**Task statement:** Pictures excluded, output the lines of the data below between the one holding "而用处方面,它对战斗没有帮助" and the one holding "ポイント(1):女性らしさ溢", inclusive, exactly as they stand.

**Given records:**
-- Opening Marker --

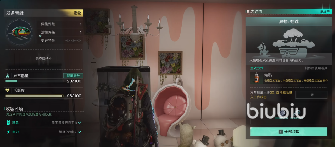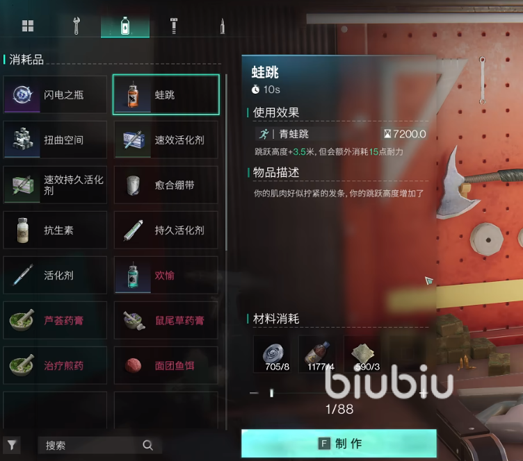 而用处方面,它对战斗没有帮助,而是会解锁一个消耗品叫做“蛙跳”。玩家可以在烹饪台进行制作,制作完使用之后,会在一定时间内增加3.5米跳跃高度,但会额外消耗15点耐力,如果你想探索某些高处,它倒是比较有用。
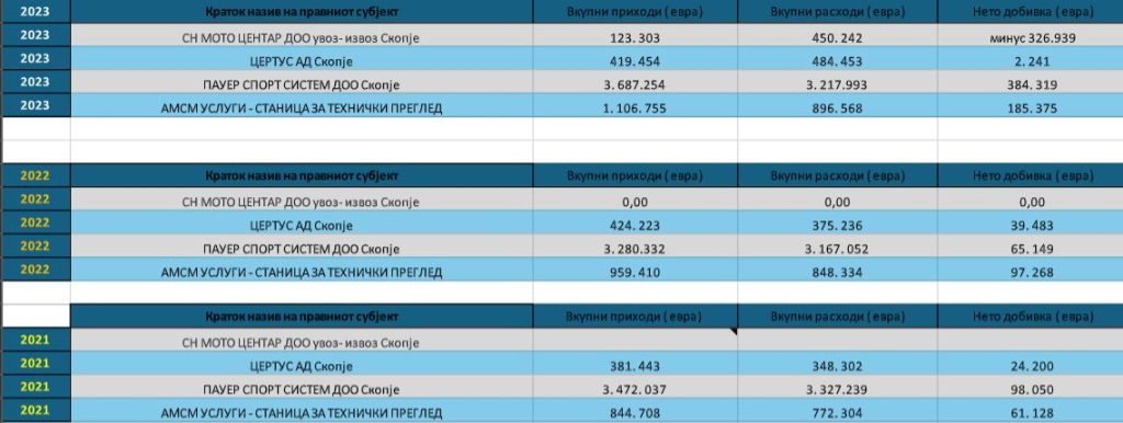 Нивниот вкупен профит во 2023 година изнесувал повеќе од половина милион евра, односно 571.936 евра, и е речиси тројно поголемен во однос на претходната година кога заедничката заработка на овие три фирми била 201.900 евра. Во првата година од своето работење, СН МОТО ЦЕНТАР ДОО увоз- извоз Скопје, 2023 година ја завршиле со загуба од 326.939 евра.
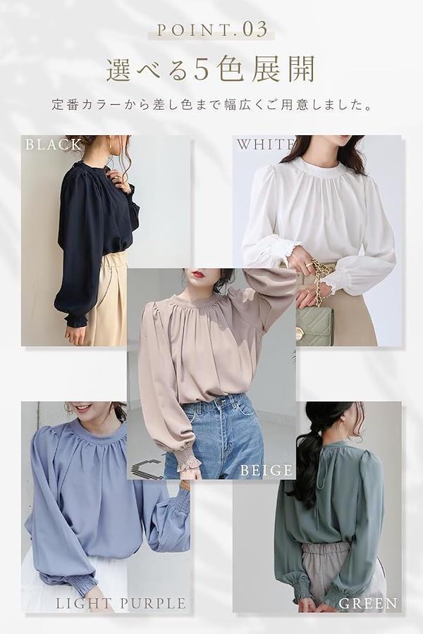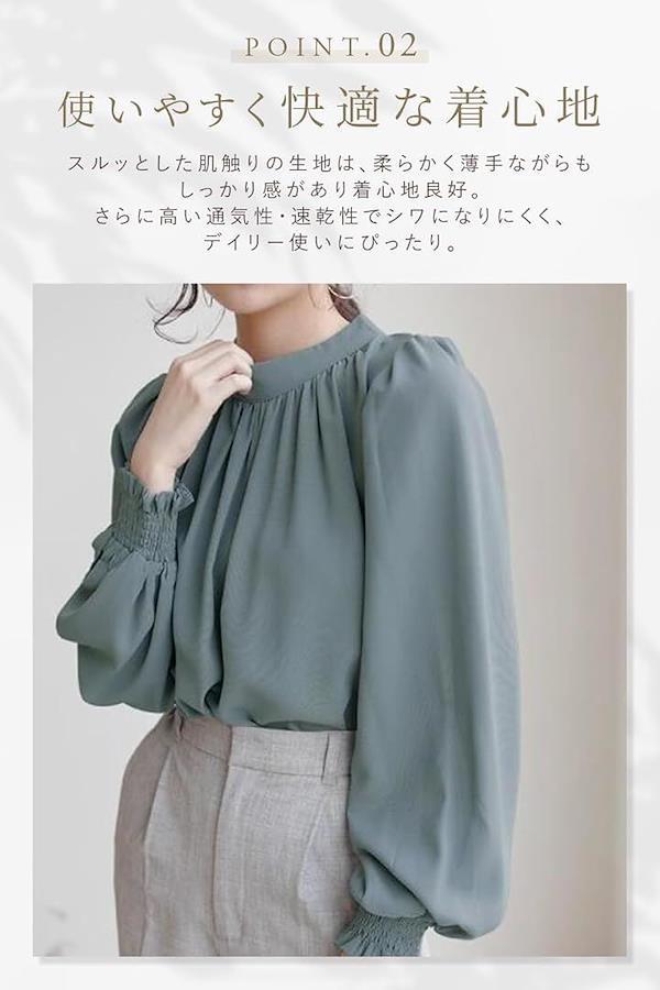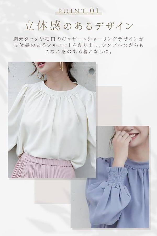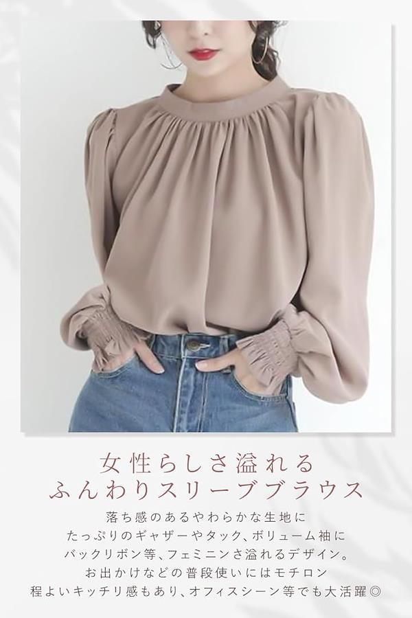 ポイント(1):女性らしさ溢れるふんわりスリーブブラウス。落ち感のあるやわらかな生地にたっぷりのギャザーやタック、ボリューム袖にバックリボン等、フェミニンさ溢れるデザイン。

-- Closing Marker --
-- Opening Marker --

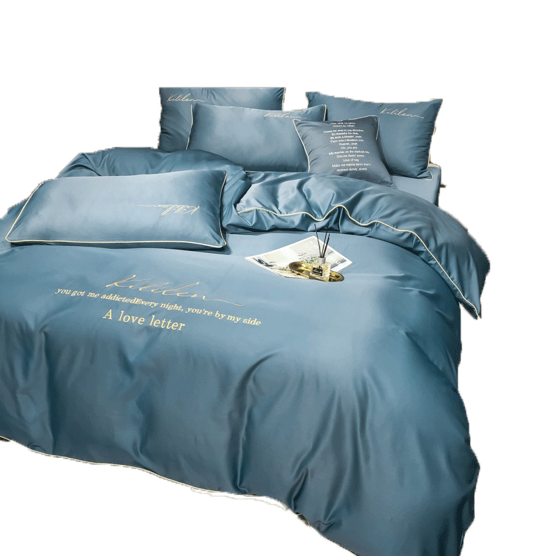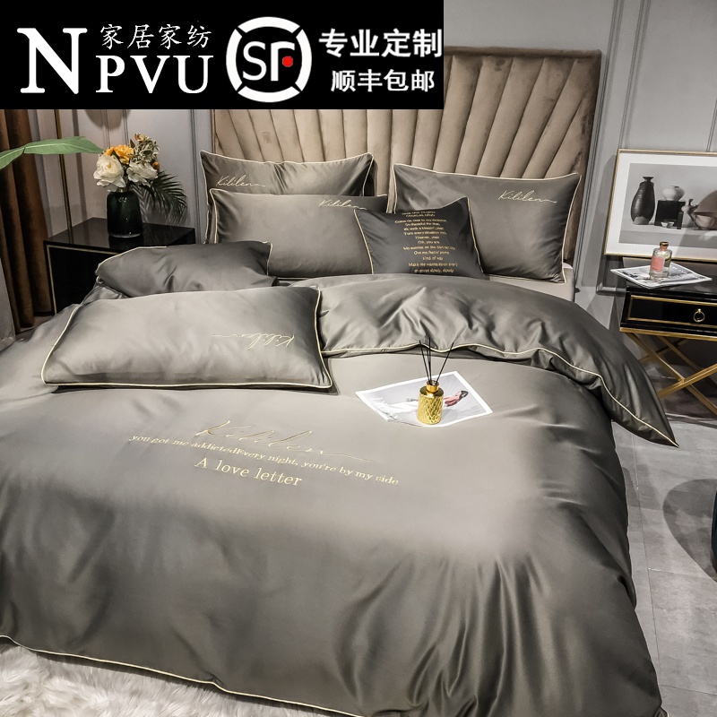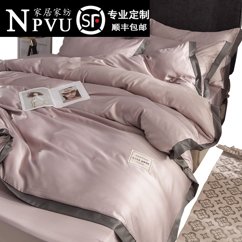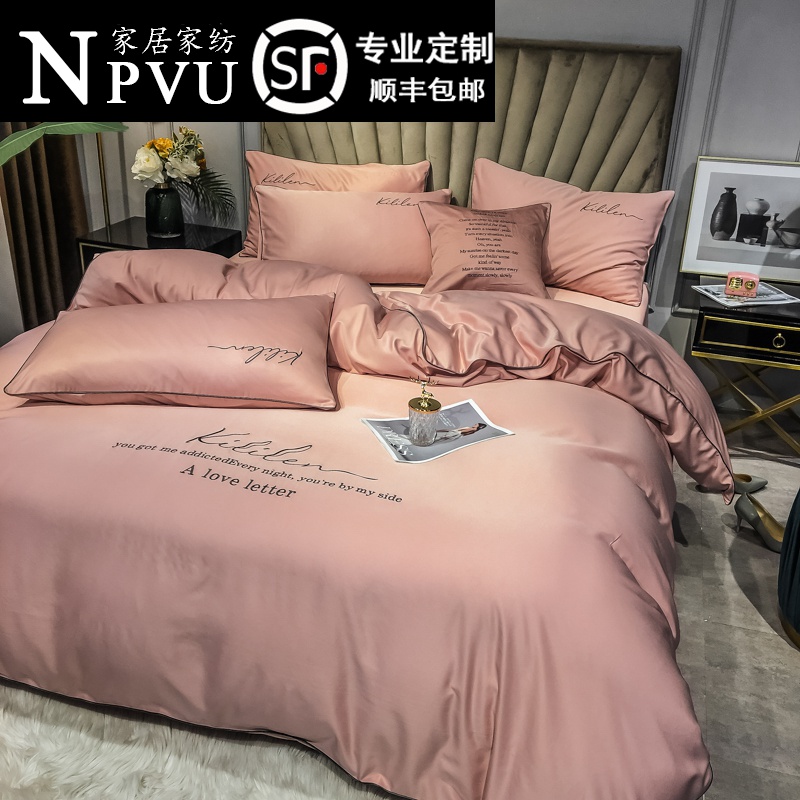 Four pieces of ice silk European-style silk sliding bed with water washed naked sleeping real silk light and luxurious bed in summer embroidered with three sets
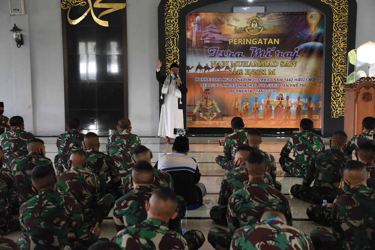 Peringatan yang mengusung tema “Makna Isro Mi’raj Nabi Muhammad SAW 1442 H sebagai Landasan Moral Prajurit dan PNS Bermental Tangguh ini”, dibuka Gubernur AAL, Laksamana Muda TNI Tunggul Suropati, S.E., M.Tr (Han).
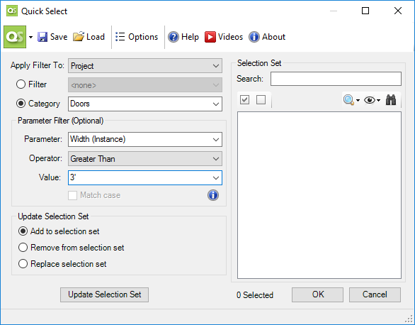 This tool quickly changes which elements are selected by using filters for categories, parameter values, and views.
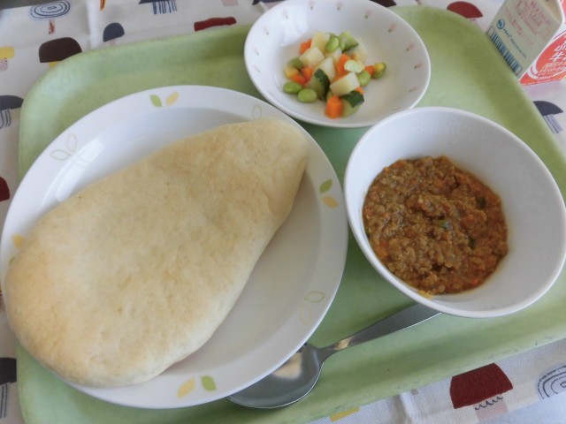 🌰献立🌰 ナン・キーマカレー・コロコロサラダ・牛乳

-- Closing Marker --
-- Opening Marker --

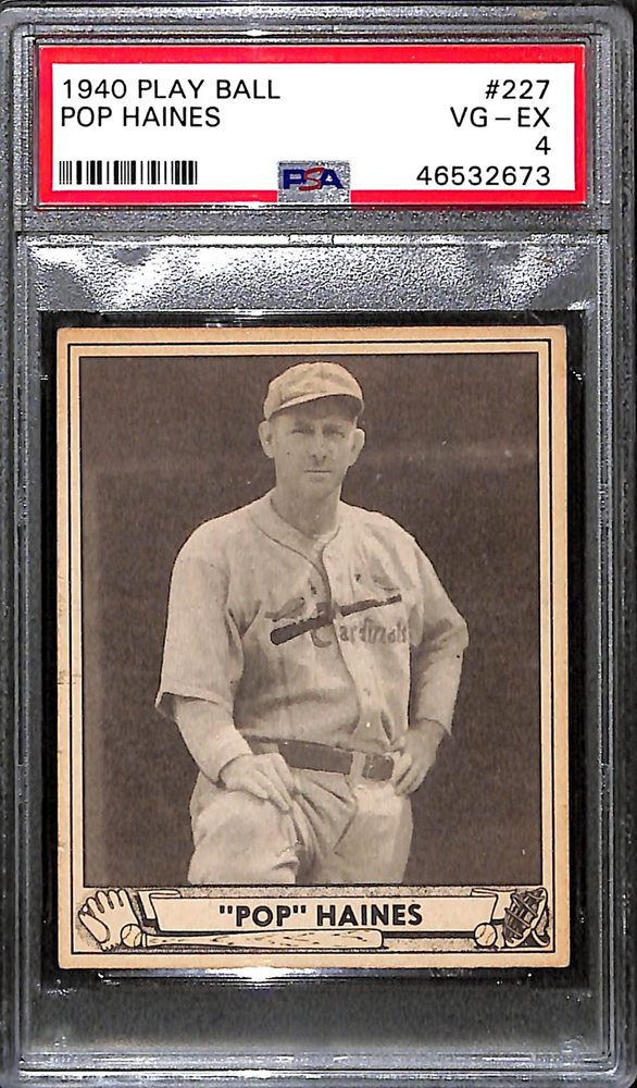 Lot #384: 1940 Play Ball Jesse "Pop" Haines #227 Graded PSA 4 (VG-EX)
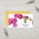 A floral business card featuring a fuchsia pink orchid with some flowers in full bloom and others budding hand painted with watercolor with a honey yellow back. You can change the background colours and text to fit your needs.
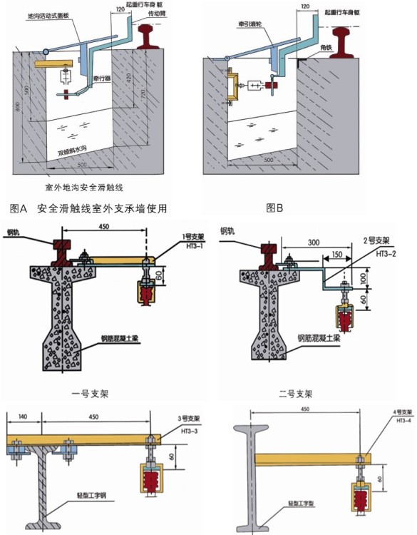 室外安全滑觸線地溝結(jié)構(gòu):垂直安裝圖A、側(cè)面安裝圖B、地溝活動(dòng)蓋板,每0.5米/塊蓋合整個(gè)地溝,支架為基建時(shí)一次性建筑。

-- Closing Marker --

**Result:**
 而用处方面,它对战斗没有帮助,而是会解锁一个消耗品叫做“蛙跳”。玩家可以在烹饪台进行制作,制作完使用之后,会在一定时间内增加3.5米跳跃高度,但会额外消耗15点耐力,如果你想探索某些高处,它倒是比较有用。
 Нивниот вкупен профит во 2023 година изнесувал повеќе од половина милион евра, односно 571.936 евра, и е речиси тројно поголемен во однос на претходната година кога заедничката заработка на овие три фирми била 201.900 евра. Во првата година од своето работење, СН МОТО ЦЕНТАР ДОО увоз- извоз Скопје, 2023 година ја завршиле со загуба од 326.939 евра.
 ポイント(1):女性らしさ溢れるふんわりスリーブブラウス。落ち感のあるやわらかな生地にたっぷりのギャザーやタック、ボリューム袖にバックリボン等、フェミニンさ溢れるデザイン。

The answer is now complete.